Пулково встретило потерявшихся путешественников приветливо. Огни ночных баров уютно светились, приглашая сонных путников выпить чашечку кофе или чего покрепче, кассы работали, редкие пассажиры бродили по безлюдному зданию аэропорта в ожидании своих рейсов, и Гюзель нестерпимо захотелось в Москву, в новую жизнь. Ночью в незнакомом месте всегда кажется, что прямо сейчас, именно с этой минуты начнется другая жизнь, в ней можно спрятаться от прошлой, до колик надоевшей.

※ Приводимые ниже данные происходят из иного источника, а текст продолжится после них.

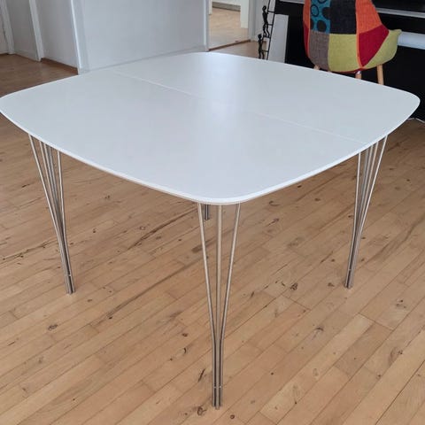 Jeg sælger dette fine spisebord fra Haslev Møbelsnedkeri. Det måler 90X90cm, og der medfølger 2 tillægsplader. Bordet har et par skønhedsfejl, ellers fremstår der i flot stand. Bordet sælges da det var et fejlkøb. Skriv ved interesse.
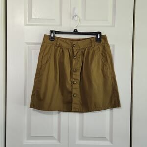 Old Navy Brownish Green Button Front Mini Skirt Size 4 Pleated Pockets Cotton
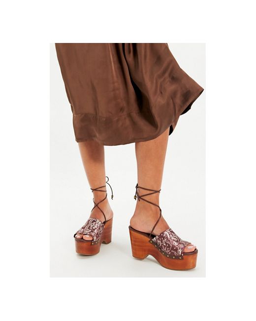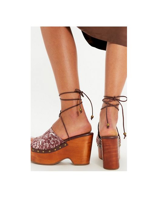 Bring groovy, printed style to any outfit with these major platform clogs from FP Collection, featuring an open-toe design, wrap straps, and studded accents for a new take on a favorite style. * Printed textile uppers * Platform clog style * Wraparound ankle strap * Pine wood platform sole * **Platform Height:** 2 in, **Heel Height:** 3.82 in Front Row Printed Wrap Clogs by Free People in Horses Bandana, Size: US 7
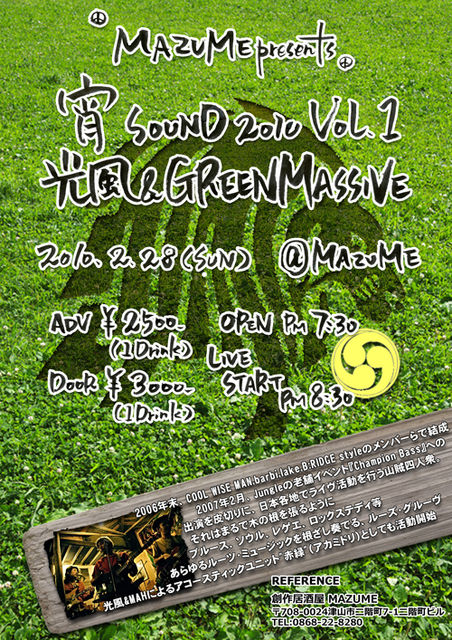 今年から 不定期ですが わたくしの おススメするアーティストを お招きしての ライブイベントを 開催して参ります その名も [宵SOUND] 当店の名前の由来 明け方 夕方の時間帯 良い もちろん 酔い と かけてみました その第一弾 決定です MAZUME presents 宵SOUND vol.1 光風&GREENMASSVE 2010.2.28(SUN) OPEN 7:30 STRT 8:30 前売り¥2500(1ドリンク) 当日¥3000(1ドリンク) 県北では 貴重ライブ 是非とも 盛り上がって参りましょう
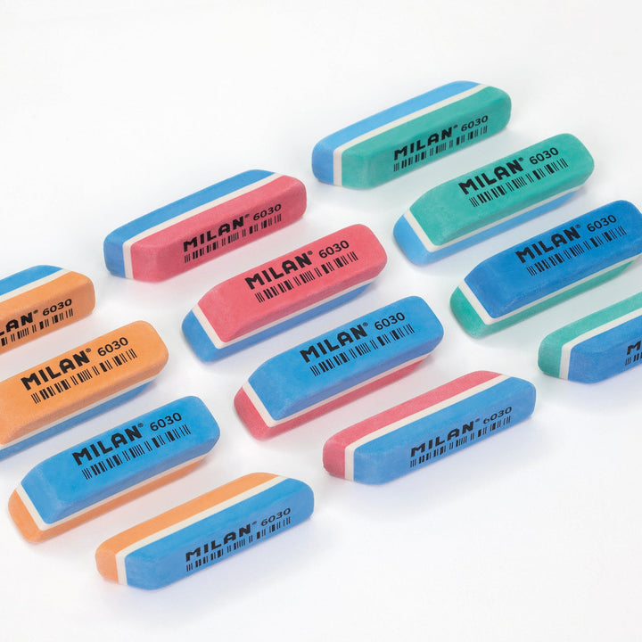 Caja de 30 Gomas de Borrar Miga de Pan Flexible 6030. Goma de caucho sintético flexible biselada y bicolor, para borrar lápiz sobre todotipo de superficies. Colores surtidos: azul, naranja, rojo y verde. Las gomas de borrar MILAN están fabricadas en España desde 1918.
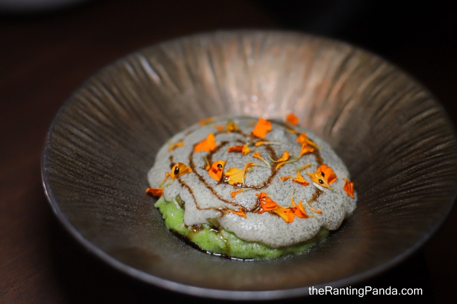 My first course is the Oscietra Caviar, Sea Urchin Ice Cream, and Red Prawn Waffle (Supplement of S$20 (with 15g caviar) for the Experience Menu). It is quite the divine combination for me – creamy Uni ice cream along with the indulgent caviar just go so well together. That red prawn waffle is crispy and the freshness of the prawn is evident.

– Как нам улететь в Москву? – поинтересовался Андрей в первой же кассе.
– В шесть утра, билеты перед вылетом, – улыбнулась кассирша. Она не выглядела сонной и вялой, наоборот, бодро улыбалась, приветствуя Андрея и Гюзель, будто они пришли в гости к ней.
– Идемте в кафе, вы вся дрожите от холода. Сейчас мы выпьем по чашке кофе или чая, съедим по бутерброду, и нам станет веселее, – он обнял вдруг съежившуюся от страха Юмашеву и потащил к бару.
«Конечно, веселее. Два идиота рядом – веселья не оберешься… Это надо же было так влюбиться, безвозвратно и безнадежно. Если бы мне мораль позволяла, я бы ему сказала, давай плюнем на эту Москву и поедем ко мне, на Английскую набережную, где можно забыть о делах, о Москве, о поездах и самолетах, ну, хотя бы на один день забыть. Почему мораль такая суровая штука? Почему она не позволяет выдавить ни одного слова из пересохшего горла? И что здесь безнравственного? Взрослые люди, красивый мужчина и одинокая женщина неожиданно понравились друг другу…»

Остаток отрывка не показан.